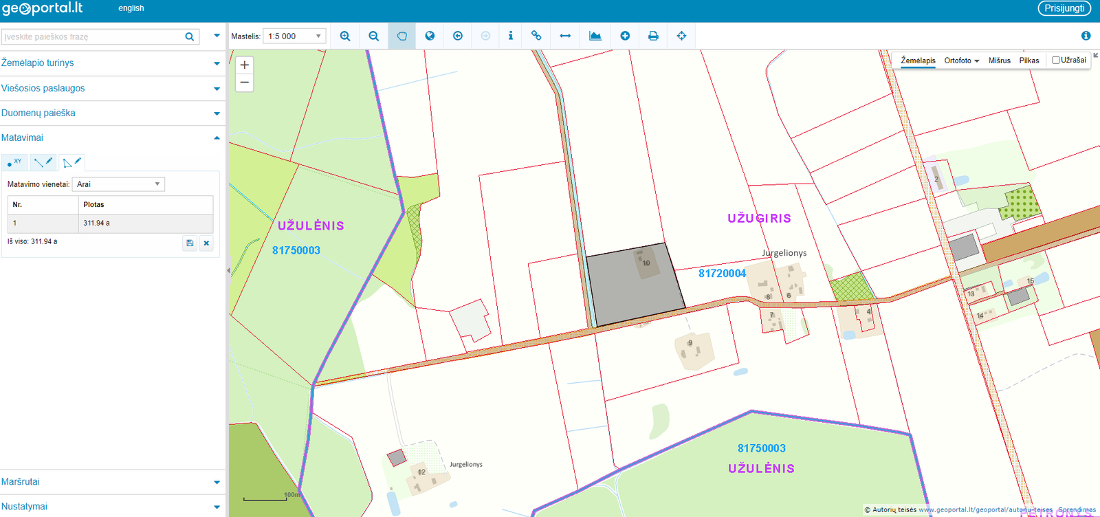 Sklypas apimantis 300 aro plotą. Jame yra pastatas su valda, užimančios 20 arų plotą, o likusi dalis sklypo skirta žemdirbystei ar kitoms paskirtims – ariama žemė 280 aro dydžio.
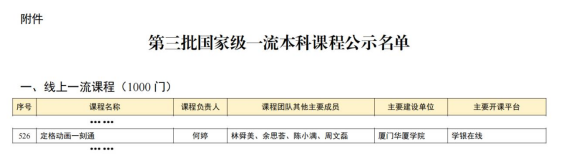 ​创意与传播系设计专业群一动画课程获得国家级一流课程
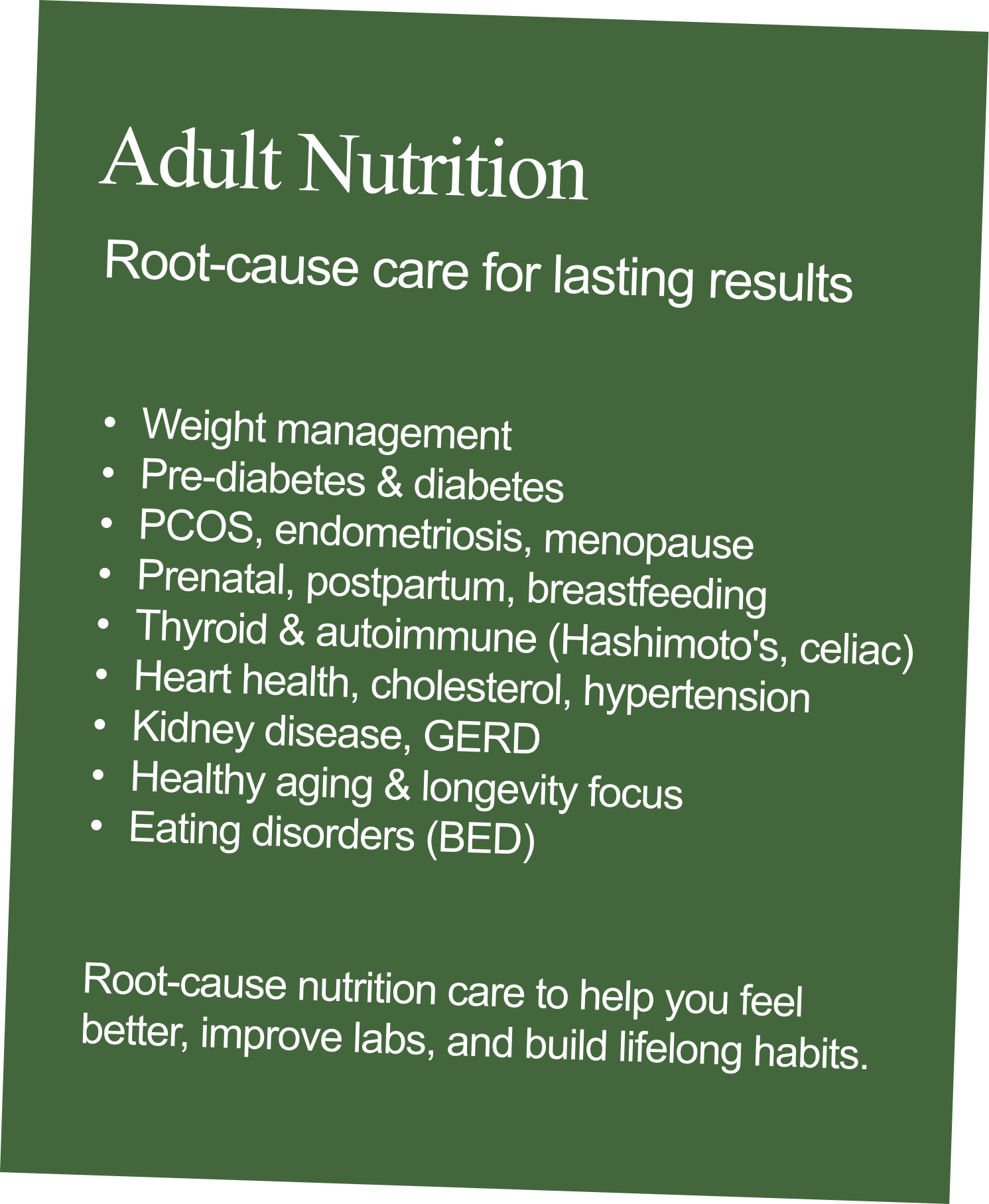 Whole-body, food-first, root-cause focused nutrition. I believe in sustainable habits, balanced nutrition, longevity, and building a confident relationship with food.
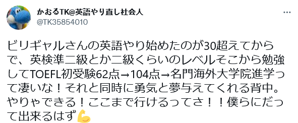 https://p3.toutiaoimg.com/origin/tos-cn-i-tjoges91tu/T2rLJUFDC4BsvX?from=pc“沙耶加30多岁才开始重拾英语,从英语二级的水平开始学习,最后托福成绩从62分提升至104分,进入世界名校,好厉害啊!她的故事带给了我勇气和梦想。努力就能成功!沙耶加能做到我们也可以!”
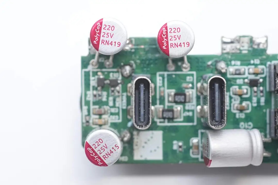 三颗滤波固态电容来自柏瑞凯,规格均为25V220μF,用于降压输出和接口输出滤波。
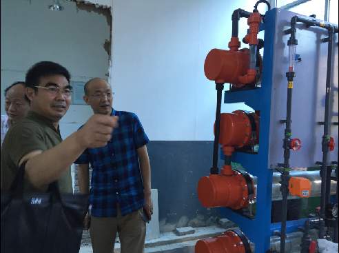 一水廠為城市備用水廠,始建于1969年,以前凈化工藝采取傳統(tǒng)的加氯(氯氣瓶?jī)?chǔ)存供應(yīng))方式,考慮到一水廠地處省重點(diǎn)中學(xué)龍泉中學(xué)旁,人口密集,存在危化品泄漏安全隱患,公司通過考察,慎重決策,在內(nèi)地(目前僅在沿海地區(qū)發(fā)達(dá)城市應(yīng)用)首家引進(jìn)次氯酸鈉加氯(電解反應(yīng),邊制造邊供應(yīng))方式,投資50萬進(jìn)行工藝改造,徹底解除這一公共安全隱患。在改造現(xiàn)場(chǎng),公司黨委書記、總經(jīng)理陳永根要求,一水廠次氯酸鈉加氯改造項(xiàng)目要加快建設(shè),確保6月底前投運(yùn),同時(shí)要做好職工培訓(xùn)工作,確保人人能按新工藝規(guī)程進(jìn)行熟練操作,確保公共安全。
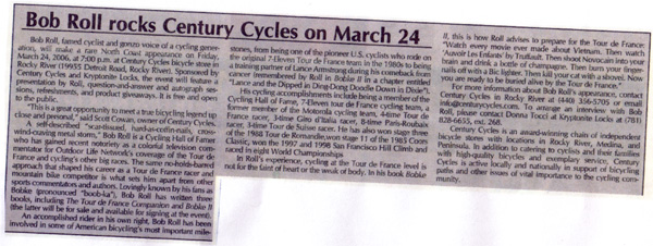 Bob Roll, famed cyclist and gonzo voice of a cycling generation, will make a rare North Coast appearance on Friday, March 24, 2006, at 7:00 p.m. at Century Cycles bicycle store in Rocky River (19955 Detroit Road, Rocky River). Sponsored by Century Cycles adn Kryptonite Locks, the event will feature a presentation by Roll, question-and-answer and autograph sessions, refreshments, and product giveaways. It is free and open to the public.
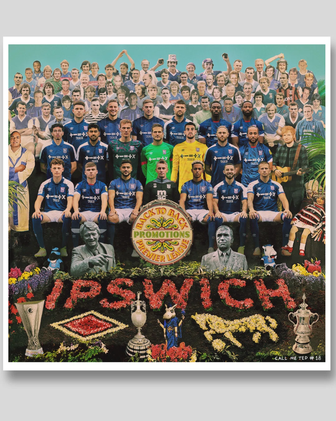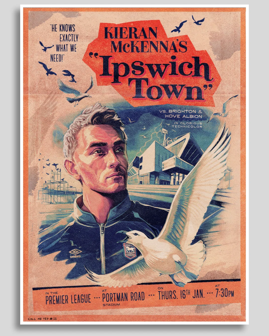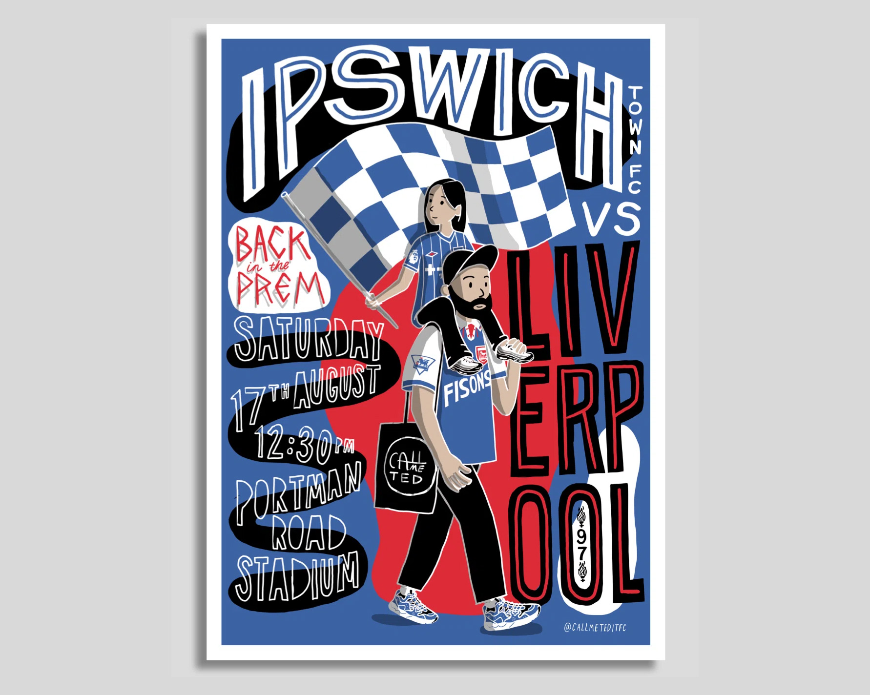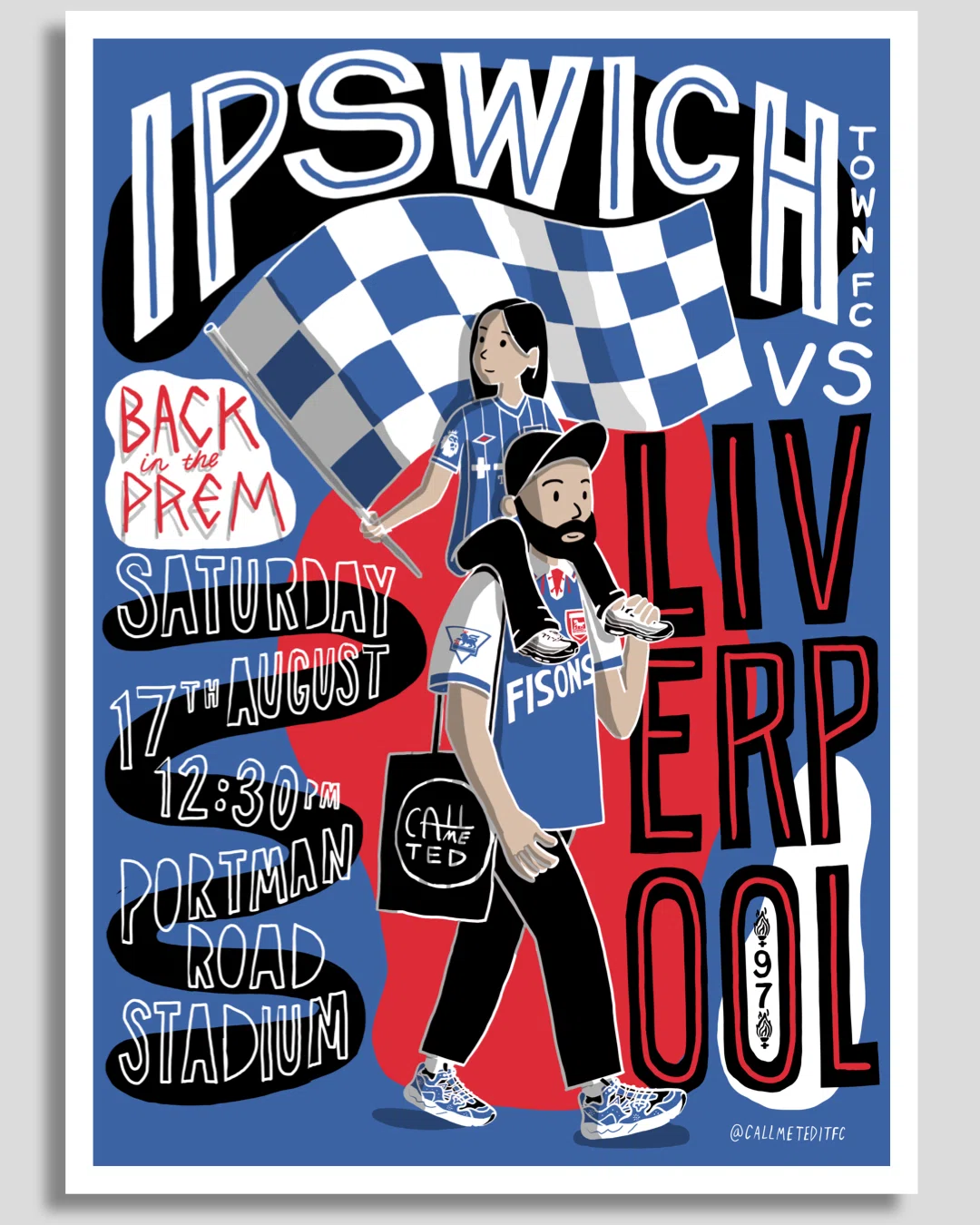 Когда футбольный клуб Ipswich Town вернулся в Премьер-лигу в 2024 году, братья Стивен и Ричард Хо прошли мимо традиционного фанатского мерча — и создали визуальный манифест футбольной культуры нового типа. Под названием Call Me Ted — в честь популярной кричалки на стадионе — проект объединил 19 художников для создания уникальных постеров к каждому домашнему матчу сезона.

What you need to do
Repeat every record precisely. Any picture among them stays out of the copy.

Solution to the exercise
 Sklypas apimantis 300 aro plotą. Jame yra pastatas su valda, užimančios 20 arų plotą, o likusi dalis sklypo skirta žemdirbystei ar kitoms paskirtims – ariama žemė 280 aro dydžio.
 ​创意与传播系设计专业群一动画课程获得国家级一流课程
 Whole-body, food-first, root-cause focused nutrition. I believe in sustainable habits, balanced nutrition, longevity, and building a confident relationship with food.
 https://p3.toutiaoimg.com/origin/tos-cn-i-tjoges91tu/T2rLJUFDC4BsvX?from=pc“沙耶加30多岁才开始重拾英语,从英语二级的水平开始学习,最后托福成绩从62分提升至104分,进入世界名校,好厉害啊!她的故事带给了我勇气和梦想。努力就能成功!沙耶加能做到我们也可以!”
 三颗滤波固态电容来自柏瑞凯,规格均为25V220μF,用于降压输出和接口输出滤波。
 一水廠為城市備用水廠,始建于1969年,以前凈化工藝采取傳統(tǒng)的加氯(氯氣瓶?jī)?chǔ)存供應(yīng))方式,考慮到一水廠地處省重點(diǎn)中學(xué)龍泉中學(xué)旁,人口密集,存在危化品泄漏安全隱患,公司通過考察,慎重決策,在內(nèi)地(目前僅在沿海地區(qū)發(fā)達(dá)城市應(yīng)用)首家引進(jìn)次氯酸鈉加氯(電解反應(yīng),邊制造邊供應(yīng))方式,投資50萬進(jìn)行工藝改造,徹底解除這一公共安全隱患。在改造現(xiàn)場(chǎng),公司黨委書記、總經(jīng)理陳永根要求,一水廠次氯酸鈉加氯改造項(xiàng)目要加快建設(shè),確保6月底前投運(yùn),同時(shí)要做好職工培訓(xùn)工作,確保人人能按新工藝規(guī)程進(jìn)行熟練操作,確保公共安全。
 Bob Roll, famed cyclist and gonzo voice of a cycling generation, will make a rare North Coast appearance on Friday, March 24, 2006, at 7:00 p.m. at Century Cycles bicycle store in Rocky River (19955 Detroit Road, Rocky River). Sponsored by Century Cycles adn Kryptonite Locks, the event will feature a presentation by Roll, question-and-answer and autograph sessions, refreshments, and product giveaways. It is free and open to the public.
 Когда футбольный клуб Ipswich Town вернулся в Премьер-лигу в 2024 году, братья Стивен и Ричард Хо прошли мимо традиционного фанатского мерча — и создали визуальный манифест футбольной культуры нового типа. Под названием Call Me Ted — в честь популярной кричалки на стадионе — проект объединил 19 художников для создания уникальных постеров к каждому домашнему матчу сезона.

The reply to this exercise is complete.